To find the local maximum and minimum values and saddle points of the function f(x, y) = x^2 + xy + y^2 + 2y, we need to find the critical points and evaluate the second-order partial derivatives. Let's go step-by-step:
Step 1: Find the gradient of f(x, y)
The gradient of f(x, y) is given by ∇f(x, y) = [∂f/∂x, ∂f/∂y].
Taking partial derivatives with respect to x and y, we have:
∂f/∂x = 2x + y
∂f/∂y = x + 2y + 2
Step 2: Find the critical points
The critical points occur where the gradient is equal to zero.
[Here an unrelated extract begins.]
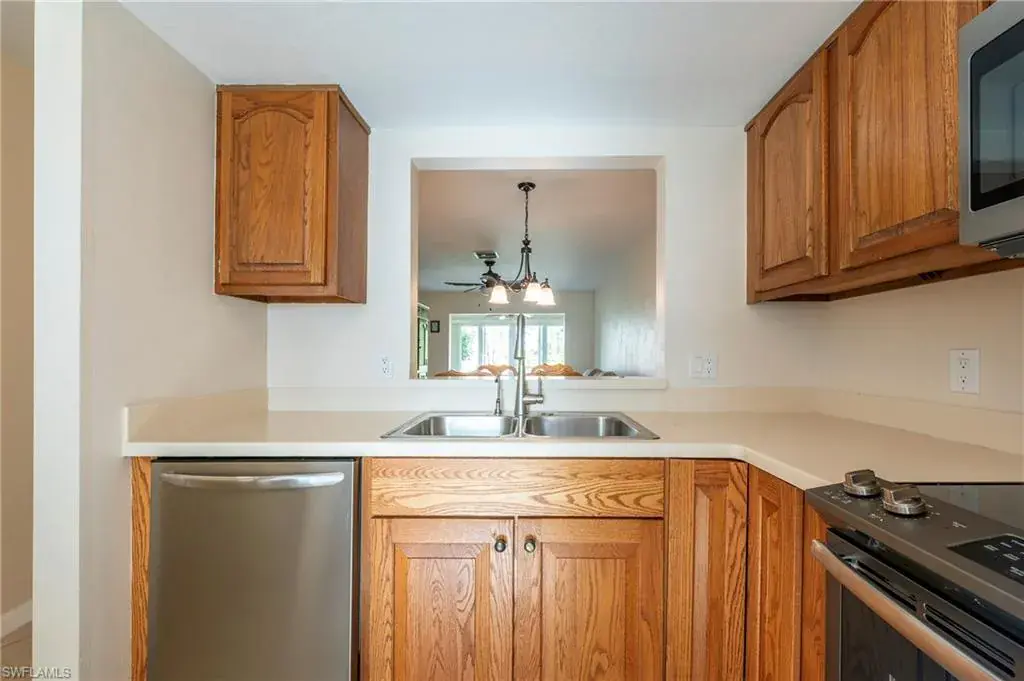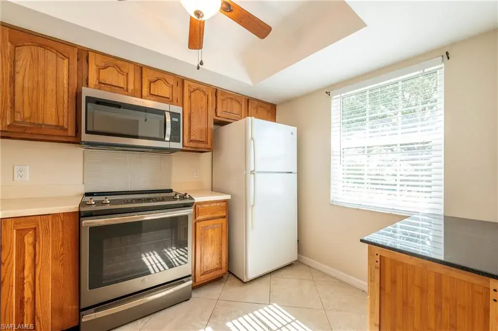 Welcome to your slice of paradise in the sought-after Lakewood community! This ground-floor villa offers the ultimate in privacy—no neighbors above—and comes with covered parking and extra storage for all your Florida lifestyle essentials. Step inside to discover diagonally laid tile floors throughout—no carpet anywhere! The spacious layout flows seamlessly into an enclosed lanai with impact-rated sliding doors, leading to an extended patio where you’ll soak in serene lake views and lush tropical landscaping. Enjoy peace of mind with impact windows and a 2018 roof, plus a host of recent upgrades: Range, dishwasher & water heater (2019), Microwave (2022), HVAC system (2017), and Brand-new reverse osmosis water system (2025), new plumbing fixtures in guest bath and kitchen (2025), Master Shower is handicap accessible. Boca Ciega Village is a low-density, pet-friendly community with low fees and a sparkling pool steps away. You’re only minutes from Naples’ world-famous beaches, scenic parks, pickleball courts, public golf, and a vibrant mix of dining, shopping, and entertainment. With rental restrictions in place—no rentals allowed until 3 years of ownership—your investment is protected, making this villa ideal for a primary residence or vacation retreat. Move-in ready and waiting for you! Don’t miss out on this rare opportunity to own a peaceful, well-maintained home in one of Naples’ most charming communities.

Setting ∂f/∂x = 0 and ∂f/∂y = 0, we have the system of equations:
2x + y = 0
x + 2y + 2 = 0
Solving this system of equations, we find the critical point:
x = -2/3, y = 4/3
Step 3: Evaluate the second-order partial derivatives
Now, we need to compute the second-order partial derivatives for the Hessian matrix.
∂²f/∂x² = 2
∂²f/∂y² = 2
And,
∂²f/∂x∂y = ∂²f/∂y∂x = 1
Step 4: Determine the nature of the critical point
Using the Hessian matrix, we can classify the critical point as either local maximum, minimum, or saddle point.
The determinant of the Hessian matrix is:
D = (∂²f/∂x²)(∂²f/∂y²) - (∂²f/∂x∂y)(∂²f/∂y∂x) = (2)(2) - (1)(1) = 3
The trace of the Hessian matrix is:
T = ∂²f/∂x² + ∂²f/∂y² = 2 + 2 = 4
The discriminant of the Hessian matrix is:
D = T^2 - 4D = 4^2 - 4(3) = 16 - 12 = 4
Using the discriminant, we can determine the nature of the critical point:
If D > 0 and T > 0, then the critical point is a local minimum.
If D > 0 and T < 0, then the critical point is a local maximum.
If D < 0, then the critical point is a saddle point.
For our function, D = 4 > 0 and T = 4 > 0, so the critical point (-2/3, 4/3) is a local minimum.
Therefore, the local minimum is (-2/3, 4/3), and there are no local maximum or saddle points.
Please note that we can't provide a graph as we're text-based AI, but you can use three-dimensional graphing software to visualize the function.